Excerpts from a dataset
▽
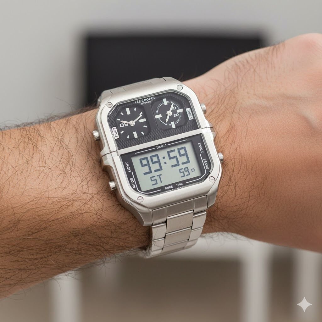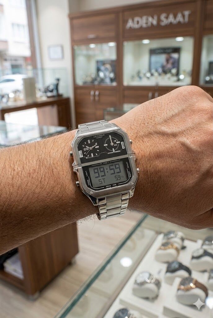 Üst bölümde analog kadran, alt bölümde dijital ekran yer alır. Çok fonksiyonlu yapısı sayesinde hem klasik saat görünümü hem de dijital kullanım kolaylığı sunar. Büyük kasa tasarımı, saatin bilekte güçlü bir duruş sergilemesini sağlar.
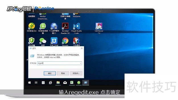 1、 右膨狠键开始图标,打开运行,输入销没酱regedit.exe,点击确定。
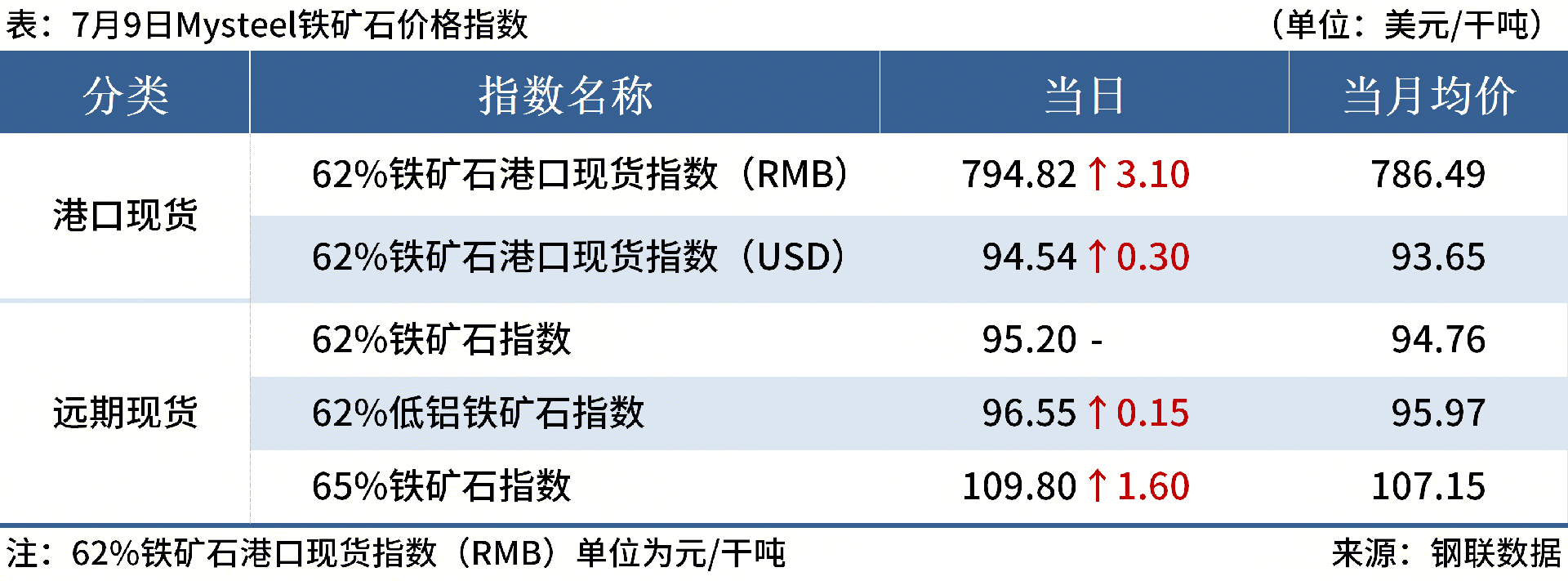 ◎ 7月9日,全國主港鐵礦石成交94.20萬噸,環(huán)比減5.7%;237家主流貿(mào)易商建筑鋼材成交8.85萬噸,環(huán)比減7.5%。
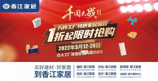香江家居龙岗华南城商场谋定而后动,聚焦大湾区建材家居集采中心,通过战略升级、产业布局、营销服务创新和运营管理升级等四大举措,全面助力建材家居品牌从商危中寻转机、在变局中开新局,抢跑2022。
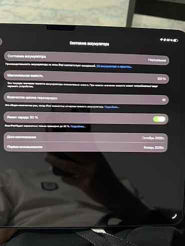 - Аккумулятор: максимальная ёмкость 100%, количество циклов перезарядки 16; лимит заряда 80% включён.
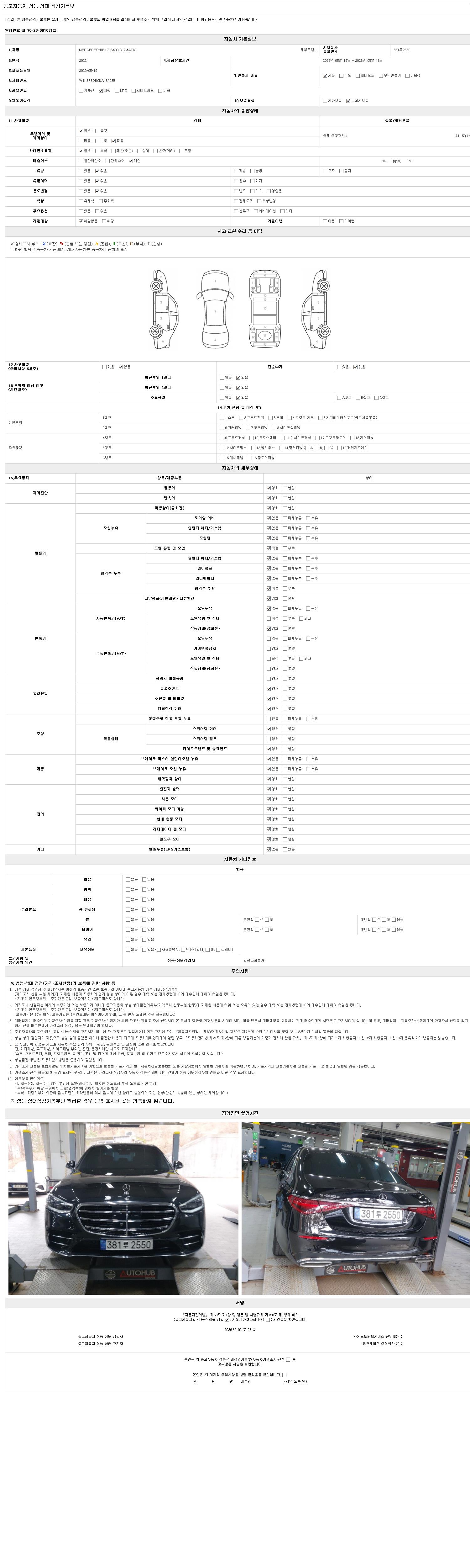 자동차관리법 시행규칙 제120조의 규정에 따라 별지 제 82호서식 《중고자동차 성능, 상태점검 기록부》를 발행한 성능, 상태점검자 및 매매자는 아래의 보증기간 또는 보증거리 이내의 중고자동차, 성능점검 기록부에 기재된 내용과 자동차의 실제 성능, 상태가 다른 경우 계약 또는 관계법령에 따라 매수인에 대하여 책임을 집니다.
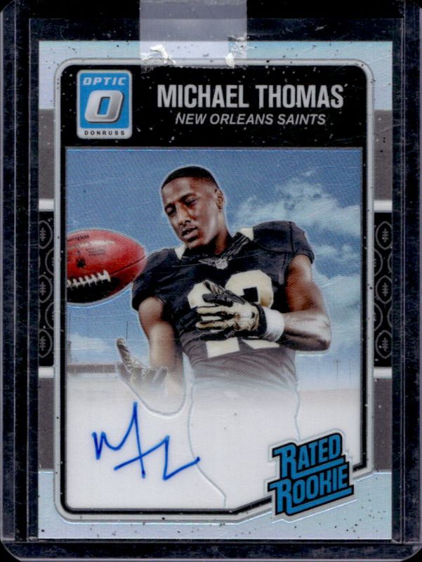 The Michael Thomas 2016 Optic #186 Rated Rookies Autographs - Holo /99 card is 1 of 40 Michael Thomas' card variations in the 2016 Optic set being tracked by Sports Card Investor, including #186 Base, Base, #186 Bronze, #186 Holo, and Holo.
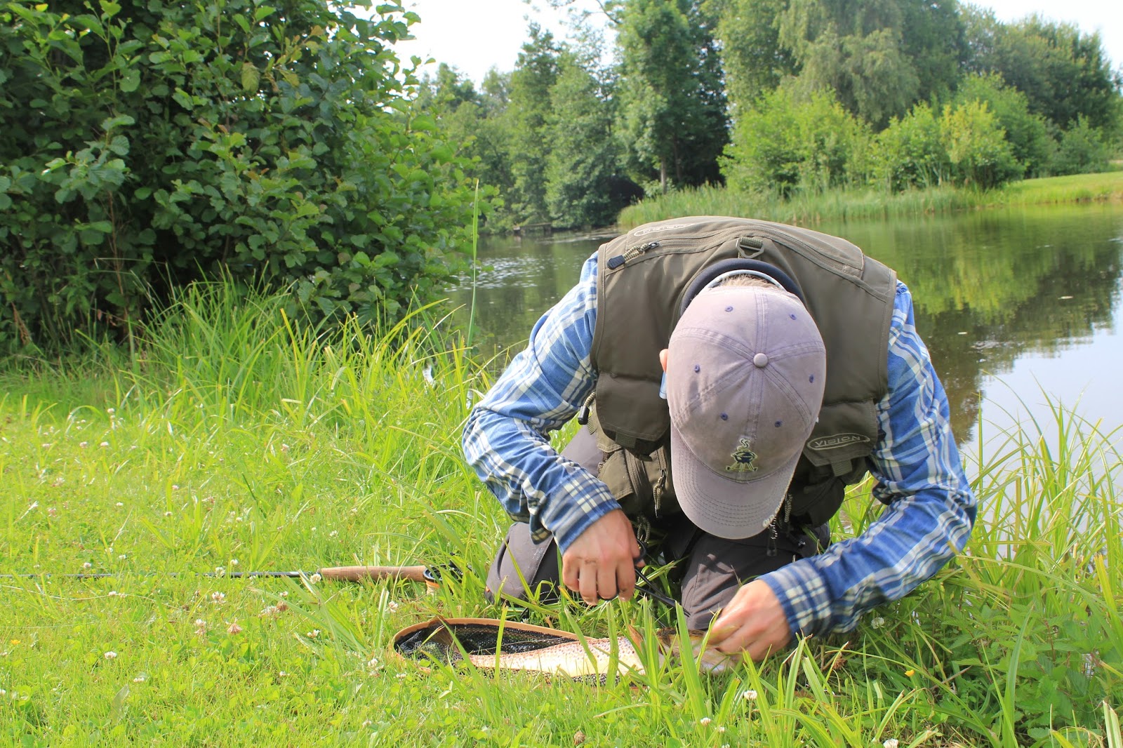 Sambon & jag var på plats i nordöstra Skåne tidigt på morgonen. Efter en långdragen arbetsvecka var jag ivrig att påbörja fisket och innan Sara ens hade valt ut dagens första fluga hade min N-fly #14 lurat en pigg liten rackare i den minsta dammen. Snabbt som blixten försvann fisken ner bland vegetationen och gjorde sig av med kroken enligt konstens alla regler. Nåja, det kommer nog fler chanser.
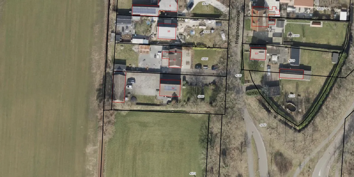 Riegshoogtendijk 14 is gelegen op kadastraal perceel HGV00D5066. Deze kadastrale aanduiding is uniek en wordt gebruikt door het Kadaster om eigendomsrechten en andere zakelijke rechten vast te leggen. Het perceel maakt onderdeel uit van de kadastrale gemeente Hoogeveen.
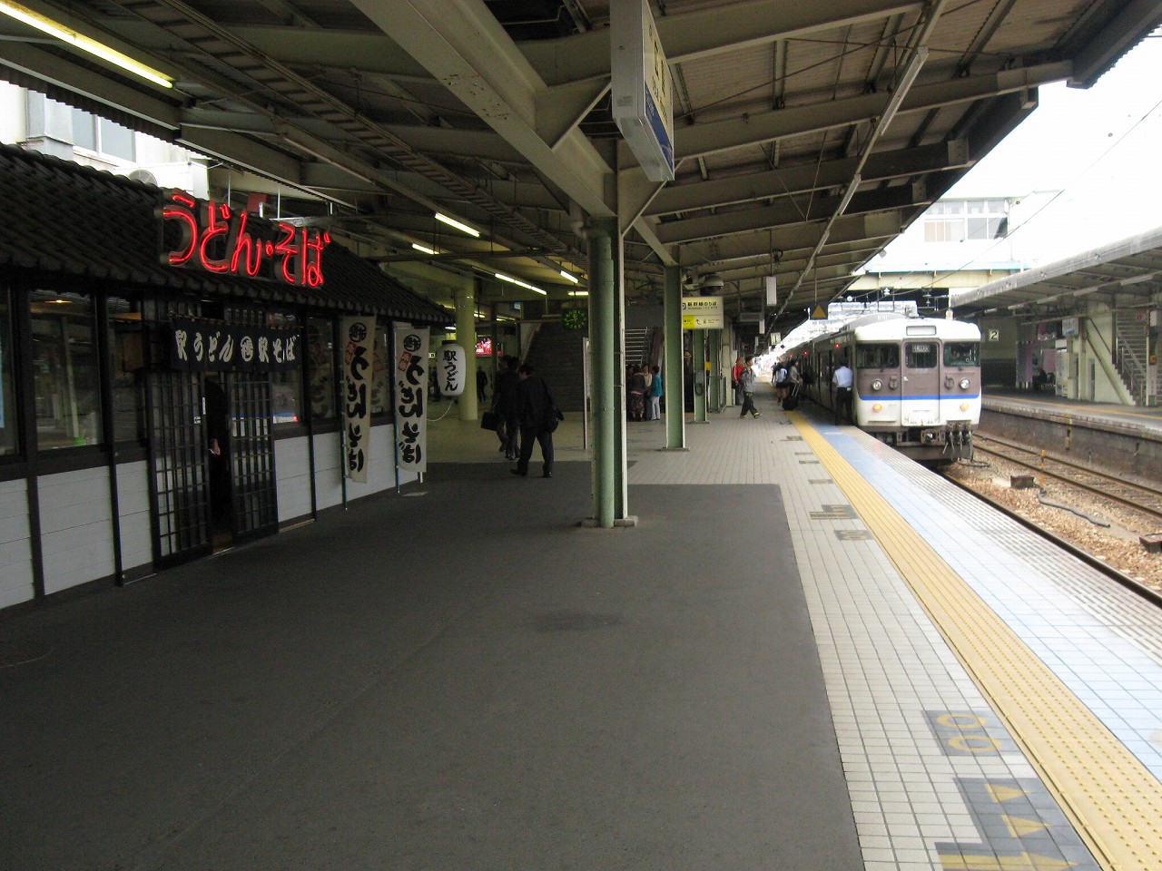 各ホームにうどん・そばの店があるのがわかります
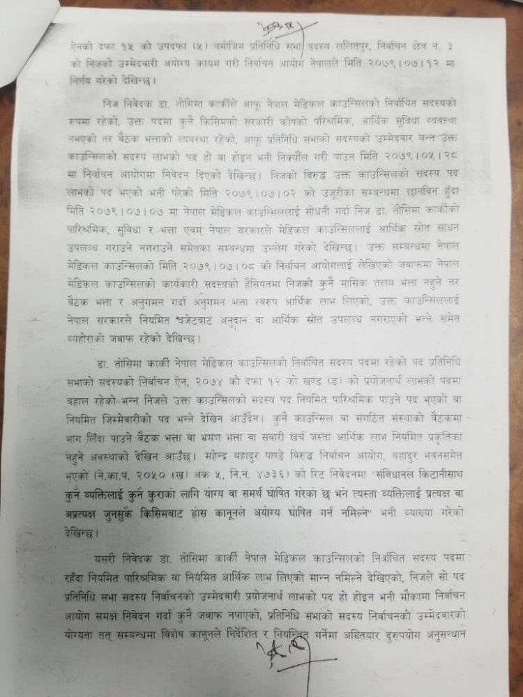 शनिबार आयोगले मेडिकल काउन्सिलको सदस्य पदमा रहेको र उत्त पद लाभको पद भएको दाबी गर्दै कार्कीको उम्मेदवारी रद्द गरेको थियो ।
△
- **Aim of the exercise**: Word for word, write out the lines from the top of the records above down to the line holding "香江家居龙岗华南城商场谋定而", inclusive, but not the pictures.

- **Expected output**:
 Üst bölümde analog kadran, alt bölümde dijital ekran yer alır. Çok fonksiyonlu yapısı sayesinde hem klasik saat görünümü hem de dijital kullanım kolaylığı sunar. Büyük kasa tasarımı, saatin bilekte güçlü bir duruş sergilemesini sağlar.
 1、 右膨狠键开始图标,打开运行,输入销没酱regedit.exe,点击确定。
 ◎ 7月9日,全國主港鐵礦石成交94.20萬噸,環(huán)比減5.7%;237家主流貿(mào)易商建筑鋼材成交8.85萬噸,環(huán)比減7.5%。
香江家居龙岗华南城商场谋定而后动,聚焦大湾区建材家居集采中心,通过战略升级、产业布局、营销服务创新和运营管理升级等四大举措,全面助力建材家居品牌从商危中寻转机、在变局中开新局,抢跑2022。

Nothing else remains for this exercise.